Our work is, in fact, different from theirs. We have turned our minds to other inquiries and other ends than those pursued by the earlier civilized groups of mankind. But while tilling our new field, we have not been able to keep fertile the lands already cultivated. We have advanced on one flank, but have given ground on the other. It is a poor compensation; and far from proving our progress, it merely means that we have changed our position. For a real advance to have been made, we should at least have preserved in their integrity the chief intellectual treasures of the earlier societies, and set up, in addition, certain great and firmly based conclusions at which the ancients had aimed as well as ourselves. Our arts and sciences, using theirs as the starting-point, should have discovered some new and profound truths about life and death, the genesis of living creatures, and the basic principles of the universe. On all these questions, modern science, as we imagine, has lost the visionary gleam that played round the dawn of antiquity, and its own efforts have merely brought it to the humiliating confession, “I seek and do not find.” There has been no real progress in the intellectual conquests of man. Our power of criticism is certainly better than that of our forefathers. This is a considerable gain, but it stands alone; and, after all, criticism merely means classification, not discovery.

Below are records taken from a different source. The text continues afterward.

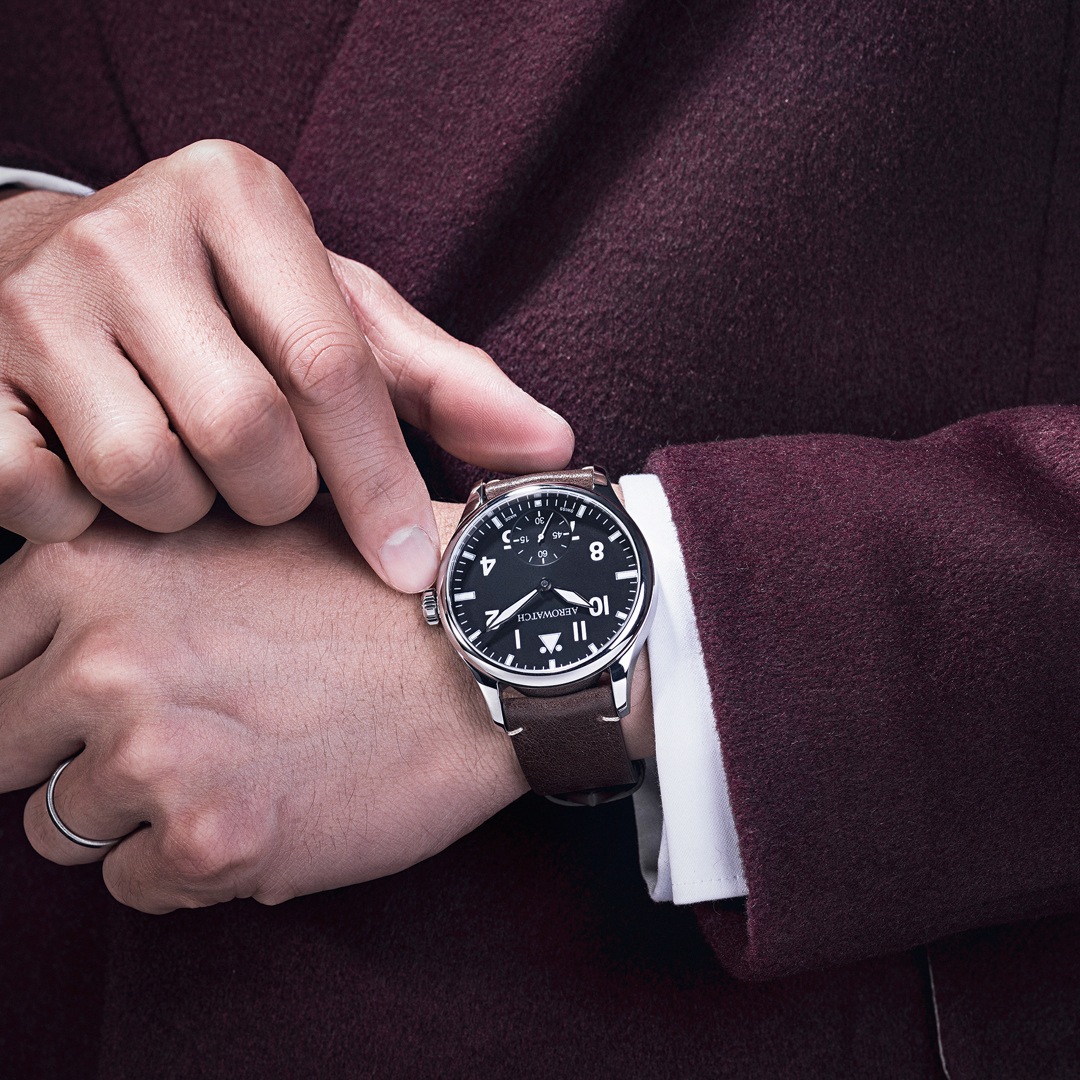 Pour le choix du bracelet en veau marron, Aerowatch s’est inspiré des bracelets cuirs historiques grâce auxquels les garde-temps pouvaient également être portés sur une épaisse combinaison de pilote.
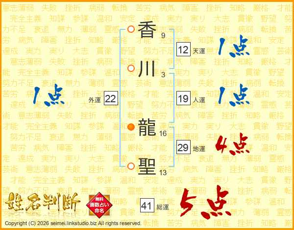 生活面を象徴する運勢です。外部から受ける影響力を表し、結婚運、家庭運や職場、環境への順応性を表します。総運から人運を引いた画数。姓や名が1文字の場合を除く。
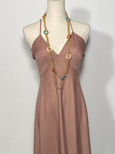Multi Strand Circular Colored Accent Triple Chain Long Necklace

As for our so-called new ideas on politics, we may allow ourselves to be more disrespectful to them than to our sciences.
The same fertility in theorizing, on which we so pride ourselves, was to be found at Athens after the death of Pericles. Anyone may be convinced of this by reading again the comedies of Aristophanes, and allowing for satirical exaggeration; they were recommended by Plato himself as a guide to the public life of the city of Athene. We have always despised such comparisons, since we persuaded ourselves that a fundamental difference between our present social order and the ancient Greek State was created by slavery. It made for a more far-reaching demagogy, I admit; but that is all. People spoke of slaves in the same way as one speaks to-day of workmen and the lower classes; and, further, how very advanced the Athenians must have been, when they tried to please their servile population after the battle of Arginusæ!